Minimum Logic

We’re told that today is Fast Food Workers’ Strike Day, although you might not have known it if, instead of watching sensationalized media coverage of the event, you visited a fast-food restaurant where it was extraordinarily unlikely anyone was actually on strike.

Each year, the world’s largest labor union, Service Employees International Union (SEIU), eggs on or pays a handful of people to stand outside fast food joints protesting while the union contacts the media to drum up coverage. This year’s message was that fast food workers should be paid an absurd $15/hour – more than double the national minimum wage and over 50% more than even the nuttiest progressive states have set their minimum wages.

If you believe a six-figure union boss earnestly cares about the plight of the fry chef, you probably haven’t worked in a union environment before. Two years ago, I found myself in a large collective bargaining unit when a series of budget cuts came down the pike. Rather than all take a slight cut in our pay or benefits so everyone could keep his job (my personal choice), the union took about 10 seconds to instead demand that every contract worker in the organization be laid off so the bargaining unit wouldn’t be affected.

It’s predictably about money in the end – lots of it. Union dues run as high as $400-1000 or more per year, so with millions of fast food workers under the SEIU’s umbrella, that would equate to billions of dollars in guaranteed additional revenue – a whopper return on the initial investment.

“Would you like a side of fries for just $7 more?”

Setting aside what reasonable economists immediately recognize – that there must be an entry level below “living wage” to prevent all still-dependent young adults from being priced out of the job market entirely – if someone is still making minimum wage after more than a few years of employment, that is indicative of a serious underlying problem with that worker. In my brief stint in the fast food industry, I learned this much: anyone who stays put more than 6 months with the same company is guaranteed regular pay raises and a fairly reliable track to lower management. But there lies the rub – most fast food workers flit about from company to company and sacrifice any seniority and experience with every lateral movement they make. Besides getting the equivalent of $15-20 of free food and drink every day – no small perk in itself – it was made quite clear to me that my wage was just a starting point and there would come increased levels of pay and responsibility once I proved I wasn’t a total flake by staying more than a few months (in fact, I didn’t, so there you have it).

At least if Glassdoor reviews are any indication, most fast food workers aren’t buying into the sob story. On the lower end of the satisfaction scale, McDonald’s still manages a respectable employee rating of 3.1 out of 5. Most of the 560 employee reviews echo the sentiments above, stressing the ample room for advancement that comes with just a smidgen of company loyalty.

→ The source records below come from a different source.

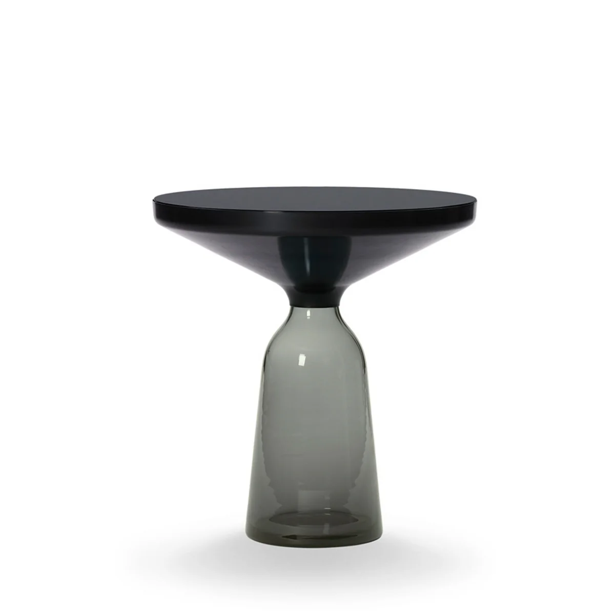 La table d'appoint Bell de Sebastian Herkner renverse l'utilisation habituelle des matériaux et surprend la perception : ici, le pied de la table se transforme en une forme de verre prégnante, colorée et transparente dans l'espace, sur laquelle repose un corps métallique.
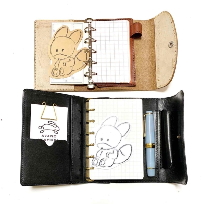 旅行中に漫画のネタを書き留めることもあるので、そのときはシステム手帳に収まるサイズの万年筆を使います。サイズがマイクロ5のシステム手帳に合うのは、「セーラー/プロフェッショナルギアミニ」か「カヴェコ/スカイラインスポーツ」のミニタイプ。フタがねじ式で、液漏れの心配もありません。
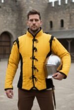 Crafted with meticulous attention to detail, this jacket features heavy-duty quilting and unique brass-tipped lacing, offering a touch of noble elegance to a warrior’s essential gear.
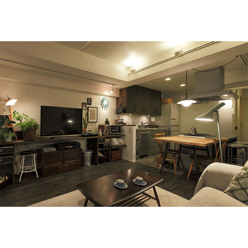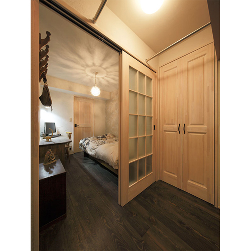 新たに購入したマンションは、玄関を入ると細長い廊下が奥に繋がっている、マンションによくある間取りでした。この間取りを上手く利用して、「LDKと水廻りの共用の空間」「収納とお二人の寝室のプライベート空間」の2つのエリアを、縦で完全に2分割しています。

Progressive-vilified Chick-fil-A amazingly scores a 3.8 out of 5, which is 0.2 higher than employees rated working at Microsoft.

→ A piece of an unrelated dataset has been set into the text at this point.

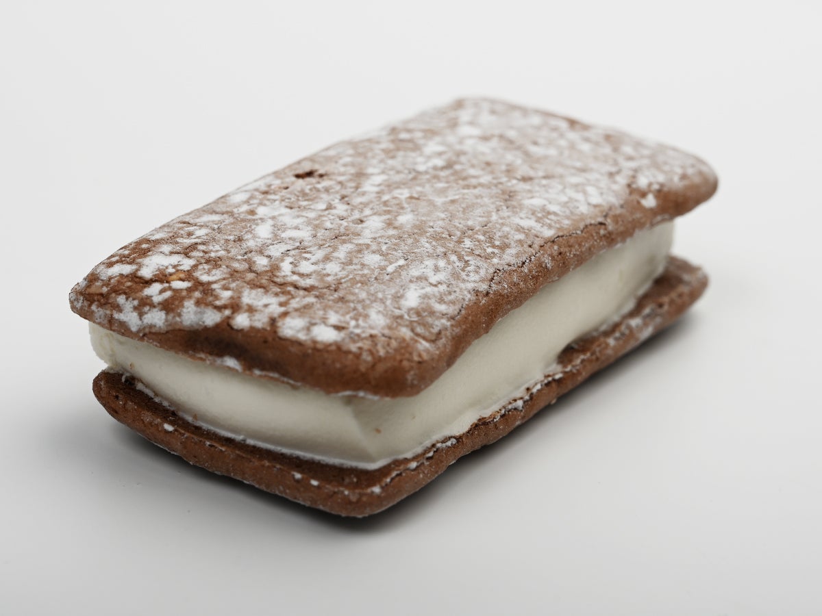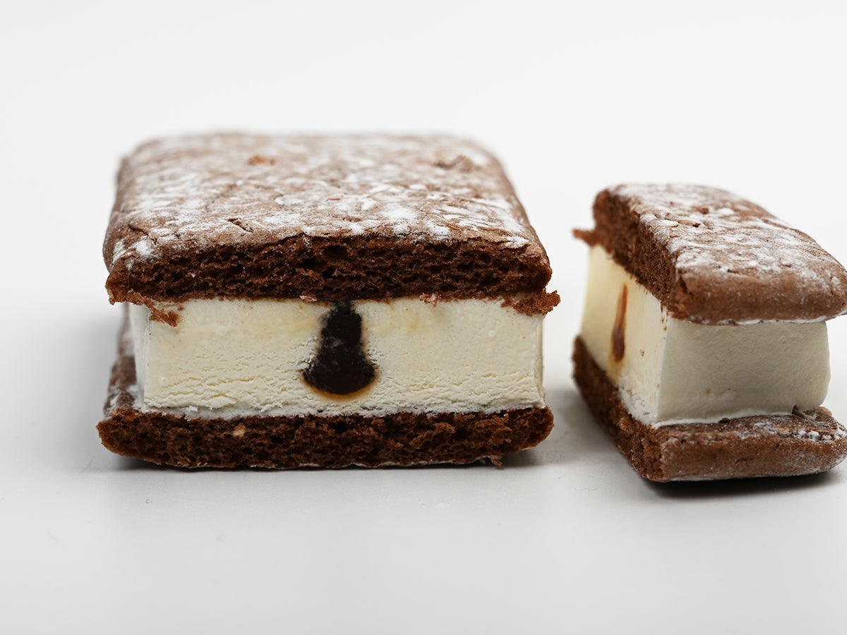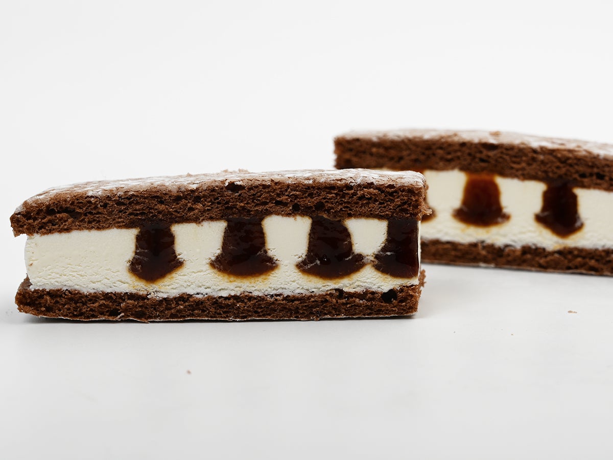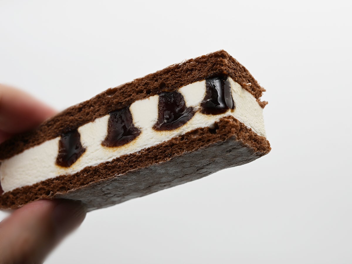 ココアケーキ生地は冷凍状態でもふわっとやわらかく、ほんのりとした甘さとココアの香ばしさがあります。かたすぎず、やわらかすぎず、サンドアイスの生地として絶妙なバランス。

There is nothing wrong with organizing together to improve one’s working conditions, but when unions employ the mechanisms of the state to drive their own narrow revenue and agenda, that no longer falls under the tree of free association. If unions really do provide a great value for their members worth their hefty dues payments, they are hard-pressed to explain why the fast food workers on the whole don’t seem very interested, and for that matter why unions tend to lose half their membership as soon as employees are afforded the option of not joining.